Ну, вот тебе The Latest News[838].

В страшный дождь побежал я в калошах под зонтиком к И. В. Рогову и… опоздал, т. к. сунулся не в то бюро пропусков, — так что когда, наконец, очутился в его приемной, было 16.20. В приемной мне сказали, что он уже спрашивал обо мне. Впрочем, вскоре меня позвали к нему. Моложавый, симпатичный, простой. Пил чай с мармеладиной. — «Я по поводу сына моего Н. Ч-ого». Улыбнулся. — «Как же знаю». Я дал ему твое письмо (которое мы с Мариной переписали, выбросив о Военмориздатских «Девяти братьях»). Он внимательно прочитал его. — «Позвольте дать комментарий к этому письму (сказал я). Дело в том, что мой сын как газетчик совершенно бездарен, в газетах он писать никогда не умел, да и агиткнижки у него выходят неважные, потому что единственное, что он умеет, это писать РОМАНЫ. Вот его „Девять братьев“ имеют огромный успех… и т. д.».

— Ну, что ж, — сказал он, — мы его сейчас же выпишем.

— Когда же?

— На днях… И создадим ему условия для работы.

— Написать ему об этом?

— Нет, мы напишем сами.

Выйдя из его кабинета, я поговорил с его секретарем.

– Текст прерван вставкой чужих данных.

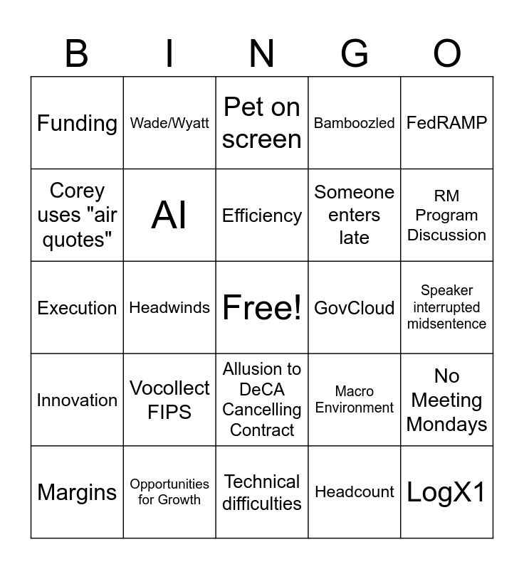 This bingo card has a free space and 35 words: "Push Possible", "The Matts", Active, AI, Allusion to DeCA Cancelling Contract, Bamboozled, Corey uses "air quotes", Customer Extensions, Efficiency, Elijah shows up, Execution, FedRAMP, Financial Targets, Focus on the Customer, Funding, GovCloud, Headcount, Headwinds, Innovation, LogX1, Macro Environment, Margins, No Meeting Mondays, Opportunities for Growth, Pet on screen, RM Program Discussion, Sales Updates, Somebody forgets they're on mute, Someone enters late, Speaker interrupted midsentence, Steve's robe, Technical difficulties, Vocollect FIPS, Wade/Wyatt and Zero Downtime Deployments.
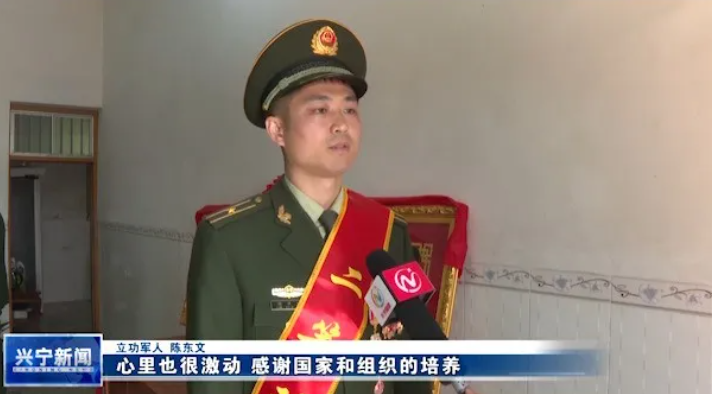 【立功军人 陈东文:这次获此殊荣,我内心感到非常荣幸,心里也很激动。感谢国家和组织的培养,感谢首长关心指导,还要感谢家人和各位乡亲父老的支持和鼓励;奖励既是鼓励,更是鞭策,前途漫漫,唯有奋斗。接下来,我将以更加昂扬的斗志、更务实的作风,不忘初心、牢记使命,继续前行,再建新功。】
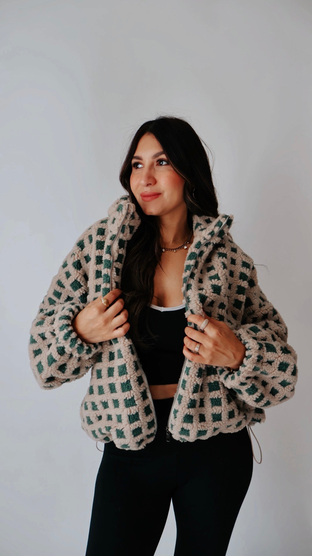 Stay cozy and stylish with our Lana Sherpa Jacket, featuring a soft and fuzzy sherpa material, a convenient zipper closure, and bungee ties for a customizable fit. Plus, it's equipped with pockets for all your essentials.
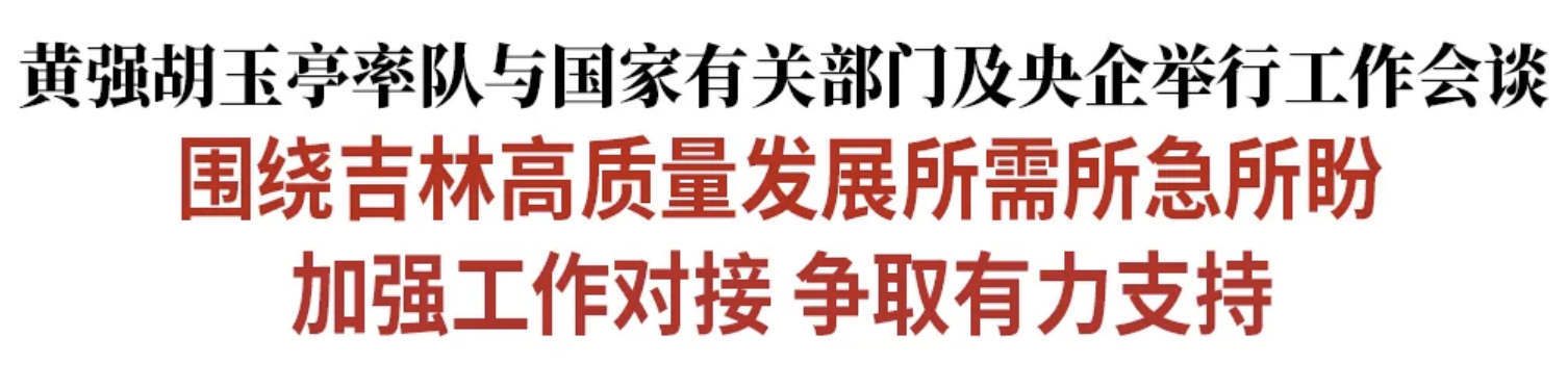 6月23日至24日,省委书记黄强,省委副书记、省长胡玉亭率队,在北京分别与工业和信息化部、自然资源部、国家能源局、中国国家铁路集团有限公司举行工作会谈,向国家有关部门及央企长期以来给予吉林的大力支持表示感谢,围绕吉林高质量发展所需所急所盼,加强工作对接,争取有力支持。工业和信息化部党组书记、部长李乐成,自然资源部党组书记、部长关志鸥,中国国家铁路集团有限公司党组书记、董事长郭竹学和总经理宋修德,国家发展改革委党组成员,国家能源局党组书记、局长王宏志参加有关会谈。
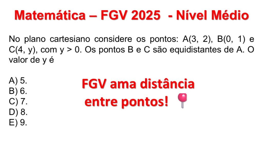 Pontos equidistantes de A – encontre y (FGV 2025) Matemática – FGV 2025 – Nível
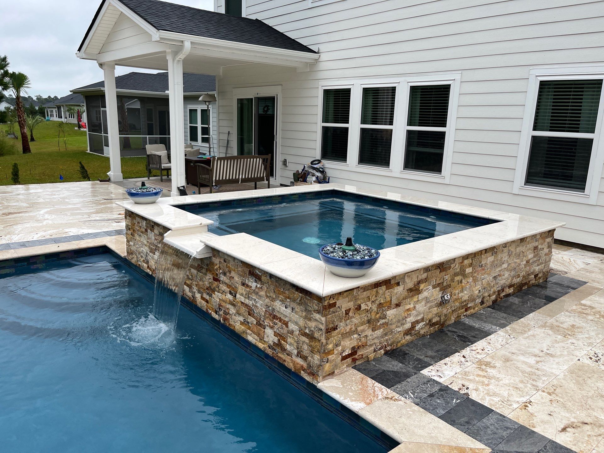 Myra/Shell beige travertine, Scabos Ledger Stone, Pool/Spa
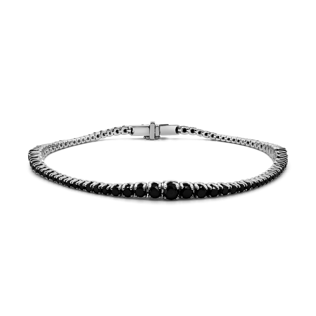 >Brățară Tennis din >aur alb de 18K încrustată cu Diamante negre naturale de 3.20ct.
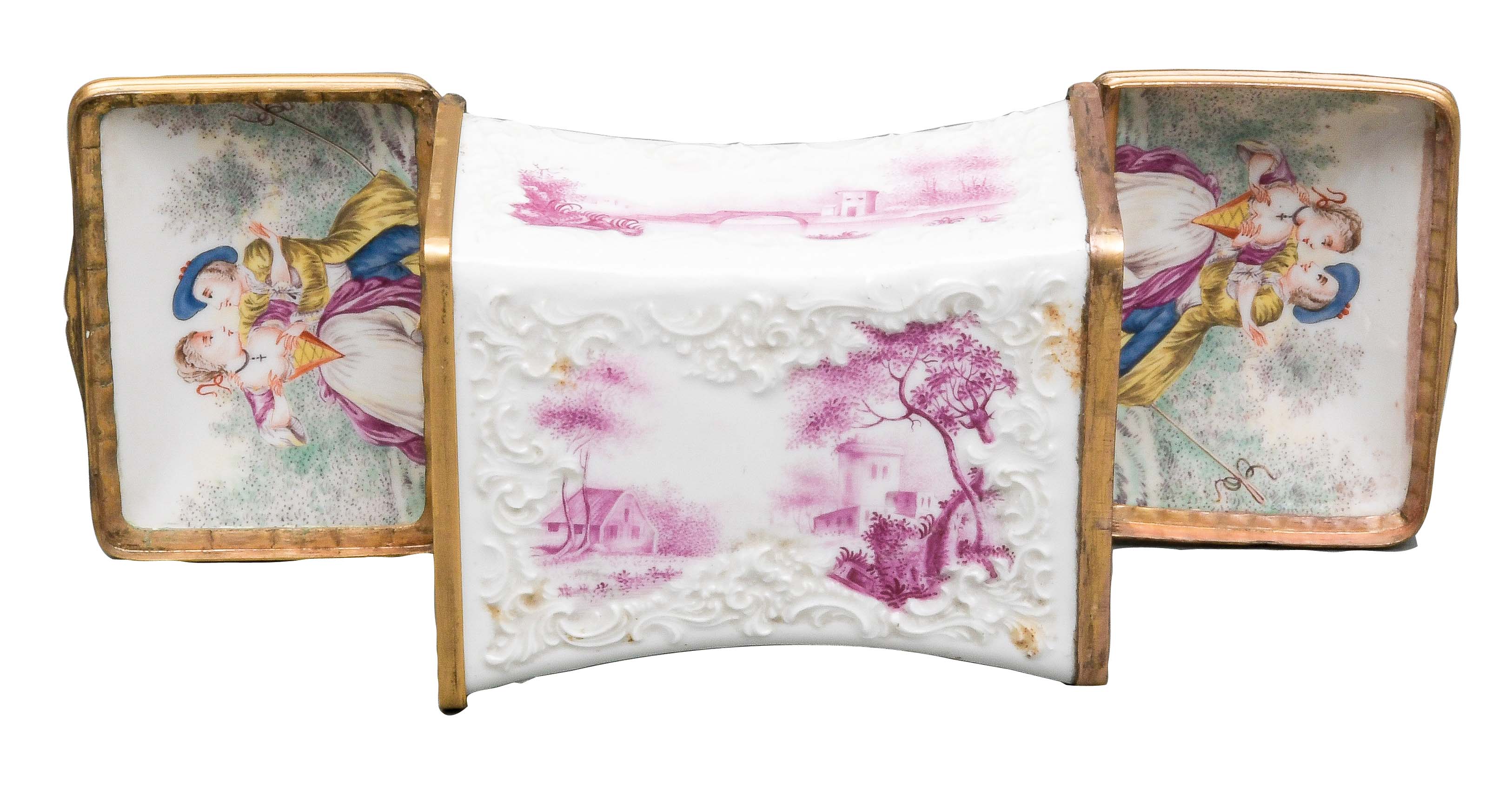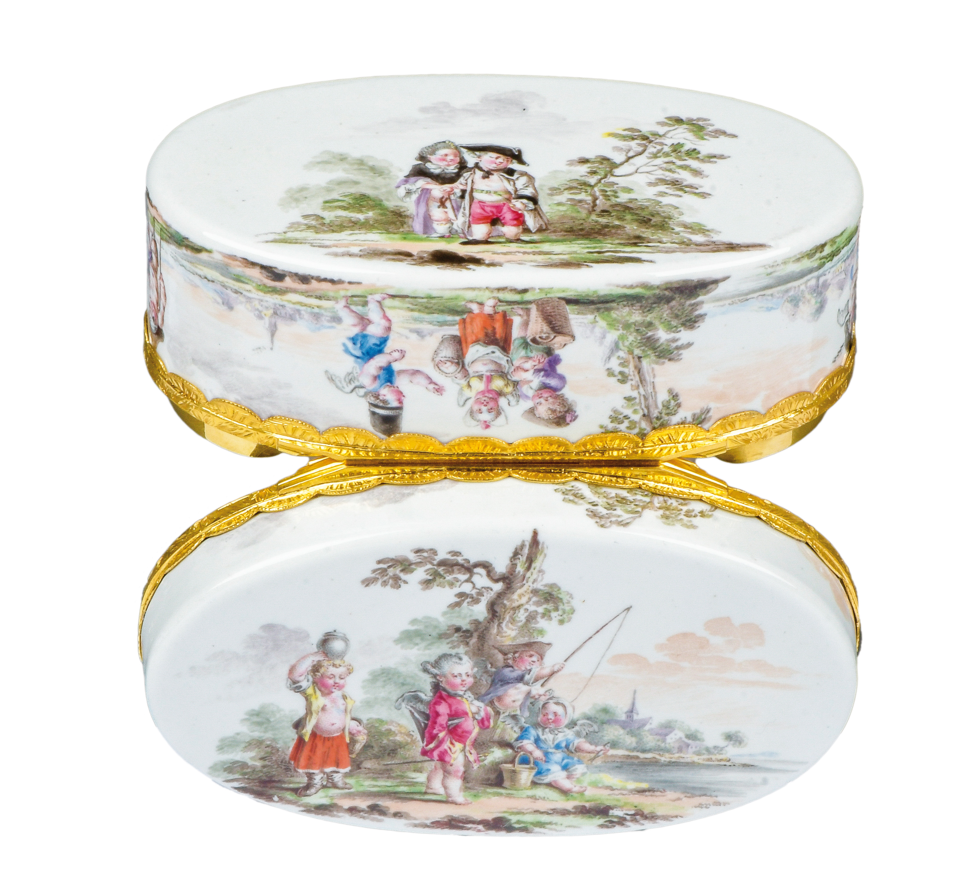 Fürstenberg 1760 Konkav, mit beidseitig an den Böden zu öffnenden Deckeln, verbunden durch reliefierte, vergoldete Montur. Wandung mit Rocaillerelief. Reserven bunt bemalt mit purpurnen Landschaften. Innendeckel bunt bemalt mit Schäferpaar in Landschaft. Porzellan, ohne Marke. Malerei von Heinrich Eisenträger. Vgl. B. Beaucamp-Markowsky, S. 301, Nr. 248. H=6,4 cm, B=9,9 cm, T=4,6 cm € 2.600,- - Katalog-Nr: 32Tabatière

Секретарь говорит: «Как же. Раз обещал, вызовет непременно». Я взял телефон и послезавтра буду звонить.

Твой Father.

214. К. И. Чуковский — Н. К. Чуковскому

26 сентября 1943 г. Москва[839]

Вызов послан, сообщи получение, ждем.

215. К. И. Чуковский — Н. К. Чуковскому

1949 г.[840] Москва

Коля! Посылаю тебе несколько книжек в подарок.

«Детство» [841] дай Гуле!

216. К. И. Чуковский — Н. К. Чуковскому

30 марта 1951 г. Москва[842]

Дорогой Коля.

Я чувствую душевную потребность уничтожить одно недоразумение, которое уже давно угнетает меня. Дело касается мамы. У всей семьи складывается такое впечатление, будто я — ни в чем не повинный страдалец, замученный деспотизмом жены. Я сам виноват в этом лестном для меня заблуждении, ибо в минуты семейных бурь я жаловался, хныкал и т. д. Между тем это — заблуждение. Никто из Вас не знает, какую роль здесь сыграли мои тяжкие вины перед нею. Какие травмы наносил я ей своей неверностью, своими увлечениями, сколько раз я бывал не прав перед нею! Теперь она — разрушенный больной человек — не по моей ли вине? Нет ли у меня обязанности заботиться о ее светлом настроении, о том, чтобы ее не томила бессонница, не должен ли я (и мы все) уступать ей — соглашаться с нею, — памятуя, что это — больной человек, инвалид? Ты говорил с ней очень резко, защищая меня — с юношеским пылом и задором, — спасибо тебе за этот порыв, но, право, я не заслужил таких порывов. И мне кажется, будет лучше всего, если ты напишешь ей письмо — «дорогая мама, не сердись» и т. д. Нужно, нужно нам — хоть перед нашим концом — не то что сплотиться, а примириться, тем более что мама ведь и не требует ничего, кроме доброго слова.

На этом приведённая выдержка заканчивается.